Tornaram-se muito populares, nos anos recentes, vídeos que mostram sessões de exorcismo e supostas curas de males produzidos pelo demônio. Também tem causado muita repercussão manifestações polêmicas do papa Francisco, que se expressa publicamente sobre temas em voga na mídia, como as relações homoafetivas, educação infantil e uso de drogas. Da mesma forma, ganham espaço na imprensa manobras de parlamentares brasileiros tentando impor uma agenda religiosa sobre questões de Estado. No entanto, não estamos falando de religião.
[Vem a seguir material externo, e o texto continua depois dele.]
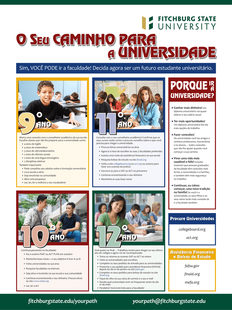 O Seu CAMINHO PARA a UNIVERSIDADE Sim, VOCÊ PODE ir a faculdade! Decida agora ser um futuro estudante universitário. PORQUE IR A UNIVERSIDADE? ° 9 ANO Marca uma consulta com o conselheiro acadêmico da sua escola. Escolhe classes que vão lhe preparar para a universidade como: •4 anos de inglês •4 anos de matemática •3 anos de ciência/laboratório •2 anos de ciências sociais •2 anos de uma língua estrangeira •2 disciplinas eletivas Também importante: •Pede conselhos aos adultos sobre a formação universitária •Leva escola a sério •Seja envolvido na comunidade •Abre uma poupança •Ler, ler, ler e melhora o seu vocabulário! ° 11 •Ganhar mais dinheiro! Um 11 diploma universitário vai quase dobrar o seu salário anual. ANO Consulte com o seu conselheiro acadêmico! Confirme que os seus cursos estão certos e procure conselho sobre o que você precisa para chegar a universidade. •Procura feiras universitários na área •Agora é a hora de escolher as suas 5 faculdades preferidas •Assista uma noite de assistência financeira na sua escola •Pesquisa bolsas de estudo na site finaid.org •Visite a site collegeboard.org ou act.org no outono para fazer uns exames de prática •Inscreva-se para o SAT ou ACT na primavera •Continua economisando o seu dinheiro •Mantenha as suas boas notas •Ter mais oportunidades! Um diploma universitário lhe dar mais opções de trabalho. •Fazer conexões! Na universidade você faz amigos e conhece professores, funcionários e ex-alunos… todos conexões que vão lhe ajudar quando você começar a sua carreira. •Viver uma vida mais saudável e feliz! Estudos mostram que pessoas graduados da faculdade têm conexões mais fortes a comunidades e a famílias, e também têm mais segurança no trabalho. •Continuar, ou talvez começar, uma nova tradição na família! Se você ir a universidade, os seus filhos e os seus netos terão mais vontade de ir a facultade também. ° 10 10 ANO Continua pensando na faculdade! •Faz o exame PSAT ou ACT PLAN em outubro •Mantenha boas notas—o seu objetivo é tirar A ou B •Visita universidades na sua area •Pesquisa faculdades na internet •Seja ativo e involvido na sua escola e sua comunidade •Continua economisando o seu dinheiro. Procura dicas na site www.mefa.org •Ler, ler e ler! ° 12 12 Procure Universidades collegeboard.org ANO Está quase no final… Trabalhou muito para chegar ao seu último ano do colégio e agora vai ser recompensado. •Toma ou retoma os exames SAT ou ACT no otono •Visite as universidades que escolheu •Complete os seus pedidos de entrada para as universidades •Preencha o seu pedido para assistência financeira (FAFSA) depois do dia 01 de janeiro na site fafsa.gov •Complete os seus pedidos para bolsas de estudo na site finaid.org •Fique de olho na sua caixa de correio e o seu e-mail •Decida qual universidad você vai frequenter antes do dia 01 de maio •Parabéns! Vocé está indo para a faculdade! fitchburgstate.edu/yourpath act.org Assistência Financeira e Bolsas de Estudo fafsa.gov finaid.org mefa.org [email protected]

Temos tratado, no Observatório da Imprensa, do efeito crescente da mídia sobre a sociedade, especialmente na expansão exponencial da cultura de massa, impulsionada pelas tecnologias digitais de comunicação, e de como esse efeito se dá pela construção de simulacros.
O propósito é refletir sobre as consequências de se vivenciar a cópia em vez da vida real, e de observar como grandes contingentes de cidadãos podem ser levados a tomar atitudes contrárias a seus próprios interesses por causa dessa distorção.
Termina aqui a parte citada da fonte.